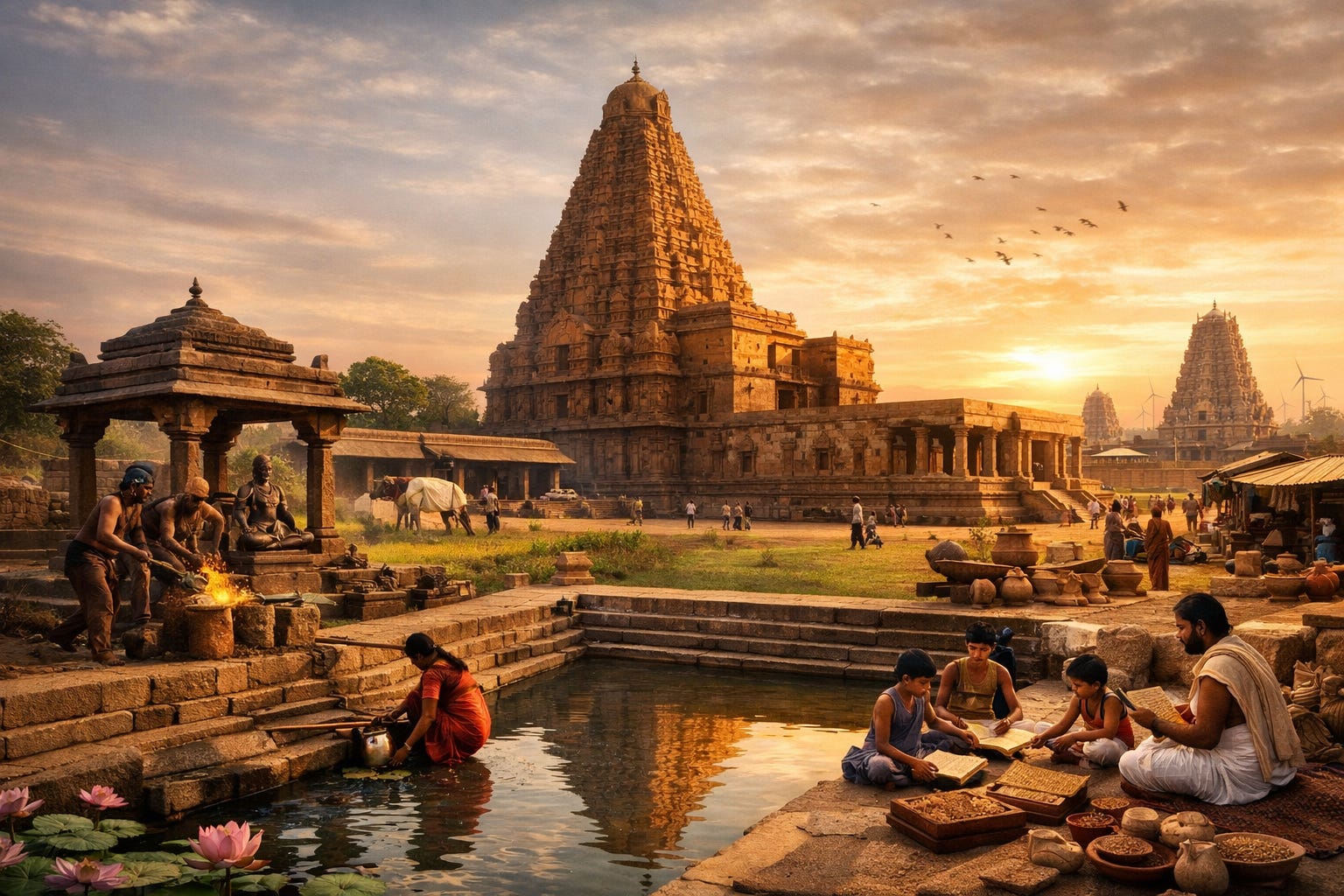 Mathematics, astronomy, grammar, music, philosophy, medicine, and commentary traditions were nourished through temple-linked networks. Knowledge was not divorced from society. It was embedded in festivals, calendars, social participation, and patronage systems - allowing learning to thrive within community life. [8][9]
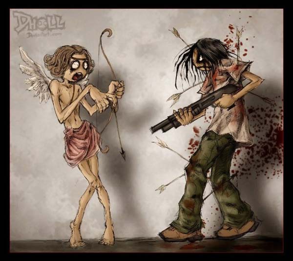 Потрясающие по своей эмоциональности работы давно завоевали популярность у многочисленных поклонников, кочуют из журнала в журнал, с сайта на сайт, охотно используются в качестве аватаров хроническими депрессариками или теми, кого временно настигла тоска зелёная от несправедливости бренного мира. Сам Dholl с неодобрением высказывается по поводу этого размножения своих работ в сети, и всё же не удержусь – пополню коллекцию арта на этом сайте именно его мрачными рисунками.
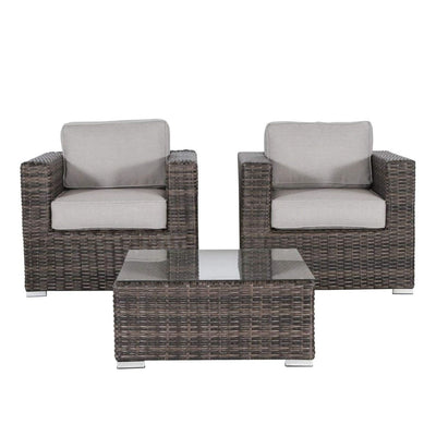 Modern Style Hdpe Wicker Seating Group With Cushions For 3 People In Brown Finish
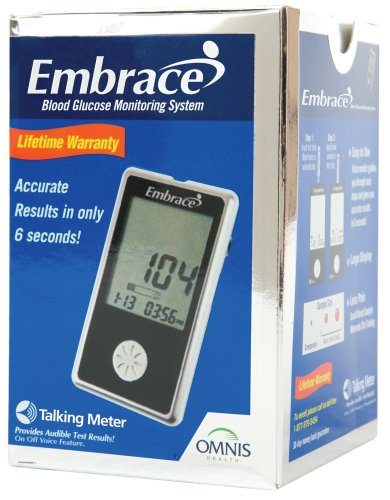Embrace Blood Glucose Meter- Provides Audible Test Results in English or Spanish, On Off Audible Feature, Accurate Results in only 6 Seconds, Lifetime Warranty, Small Sample Size, Talking monitor guides you through easy steps and gives you accurate results in 6 seconds!Feature
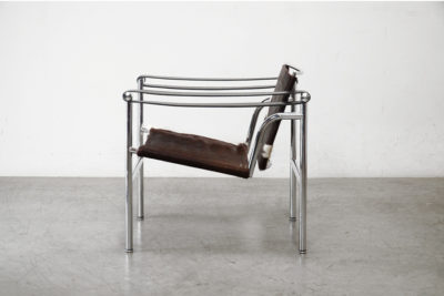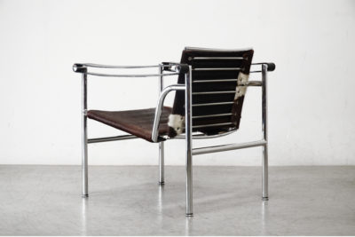 ル・コルビュジエと、彼の従兄弟のピエール・ジャンヌレ、シャルロット・ペリアンとの共同デザイン。スリングチェア、バスキュランチェアとも呼ばれます。20世紀に作られた椅子の中でマスターピースのひとつに数えられる名品。「住宅は住むための機械である」というル・コルビュジエの言葉は、装飾を排し機能性を追及したこの椅子に当てはまります。背もたれが姿勢に応じて動くのが特徴で、アームはフレームに厚革を掛けただけのシンプルな構造です。
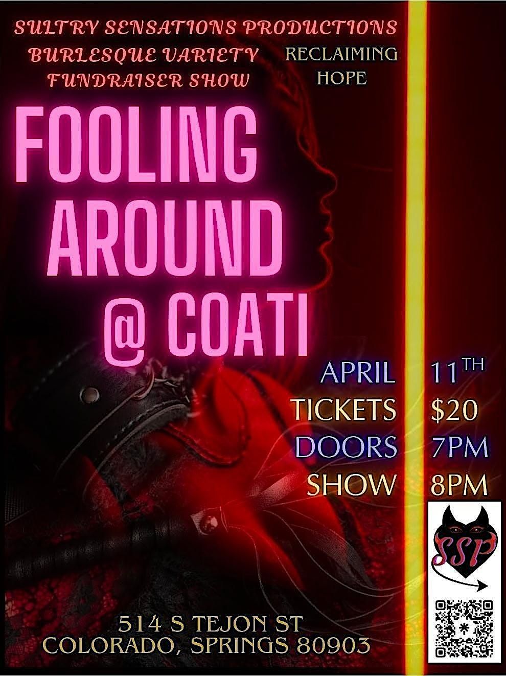 Come Fool Around with Sultry Sensations Productions Debut at COATI in downtown Colorado Springs for a night of flirty fun, bold glamour, and a whole lotta sparkle!
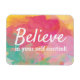 Encouragement, affirmation quote, "Believe in Your Self Control!" This inspirational typography design features a reminder to see and live by daily. Design has a colourful abstract pink, yellow and teal watercolor background. Font is bright white. Colour of font can be easily customised in the Zazzle design tool section. Great idea for the refrigerator or anywhere you need a little reminder to eat well!
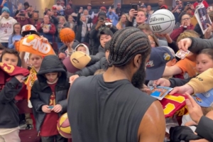 赛前,哈登为众多主场的小球迷们签名。
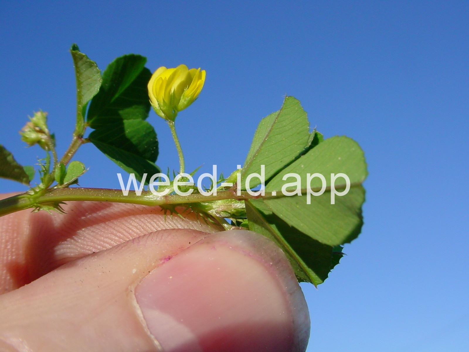 The trifoliate leaves are often distinctly notched at the tips and arise from a long petiole. The small, yellow flowers appear in clusters of 2-5 on the ends of long, naked stems. At maturity the coiled pod forms a bur.
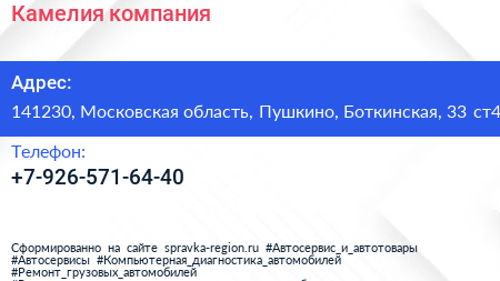 Камелия, компания по адресу 141230, Московская область, Пушкино, Боткинская, 33 ст4 в дальнейшем Организация, размещена в следующих категориях:
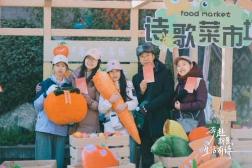走进用蔬菜瓜果装点的“诗歌菜市场”,最朴素的烟火气也被赋予诗意的注脚,引得游客纷纷打卡拍照。
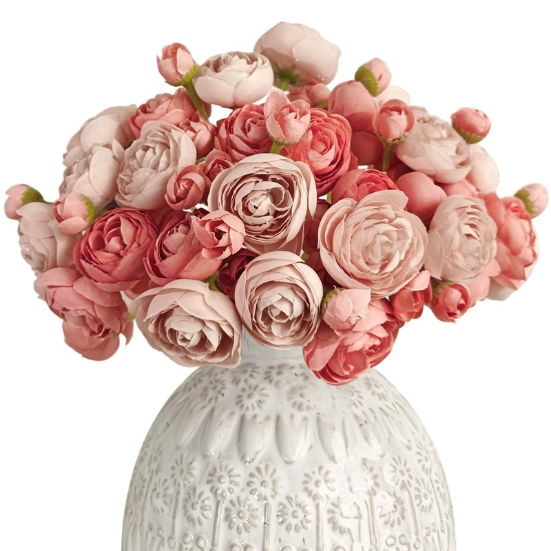 - Material: Ranunculus flowers are made of silk, and the stems are made of plastic.

=== Task goal ===
Please return the whole listing exactly. Do not copy its images.

=== Written response ===
 Mathematics, astronomy, grammar, music, philosophy, medicine, and commentary traditions were nourished through temple-linked networks. Knowledge was not divorced from society. It was embedded in festivals, calendars, social participation, and patronage systems - allowing learning to thrive within community life. [8][9]
 Потрясающие по своей эмоциональности работы давно завоевали популярность у многочисленных поклонников, кочуют из журнала в журнал, с сайта на сайт, охотно используются в качестве аватаров хроническими депрессариками или теми, кого временно настигла тоска зелёная от несправедливости бренного мира. Сам Dholl с неодобрением высказывается по поводу этого размножения своих работ в сети, и всё же не удержусь – пополню коллекцию арта на этом сайте именно его мрачными рисунками.
 Modern Style Hdpe Wicker Seating Group With Cushions For 3 People In Brown Finish
Embrace Blood Glucose Meter- Provides Audible Test Results in English or Spanish, On Off Audible Feature, Accurate Results in only 6 Seconds, Lifetime Warranty, Small Sample Size, Talking monitor guides you through easy steps and gives you accurate results in 6 seconds!Feature
 ル・コルビュジエと、彼の従兄弟のピエール・ジャンヌレ、シャルロット・ペリアンとの共同デザイン。スリングチェア、バスキュランチェアとも呼ばれます。20世紀に作られた椅子の中でマスターピースのひとつに数えられる名品。「住宅は住むための機械である」というル・コルビュジエの言葉は、装飾を排し機能性を追及したこの椅子に当てはまります。背もたれが姿勢に応じて動くのが特徴で、アームはフレームに厚革を掛けただけのシンプルな構造です。
 Come Fool Around with Sultry Sensations Productions Debut at COATI in downtown Colorado Springs for a night of flirty fun, bold glamour, and a whole lotta sparkle!
 Encouragement, affirmation quote, "Believe in Your Self Control!" This inspirational typography design features a reminder to see and live by daily. Design has a colourful abstract pink, yellow and teal watercolor background. Font is bright white. Colour of font can be easily customised in the Zazzle design tool section. Great idea for the refrigerator or anywhere you need a little reminder to eat well!
 赛前,哈登为众多主场的小球迷们签名。
 The trifoliate leaves are often distinctly notched at the tips and arise from a long petiole. The small, yellow flowers appear in clusters of 2-5 on the ends of long, naked stems. At maturity the coiled pod forms a bur.
 Камелия, компания по адресу 141230, Московская область, Пушкино, Боткинская, 33 ст4 в дальнейшем Организация, размещена в следующих категориях:
走进用蔬菜瓜果装点的“诗歌菜市场”,最朴素的烟火气也被赋予诗意的注脚,引得游客纷纷打卡拍照。
 - Material: Ranunculus flowers are made of silk, and the stems are made of plastic.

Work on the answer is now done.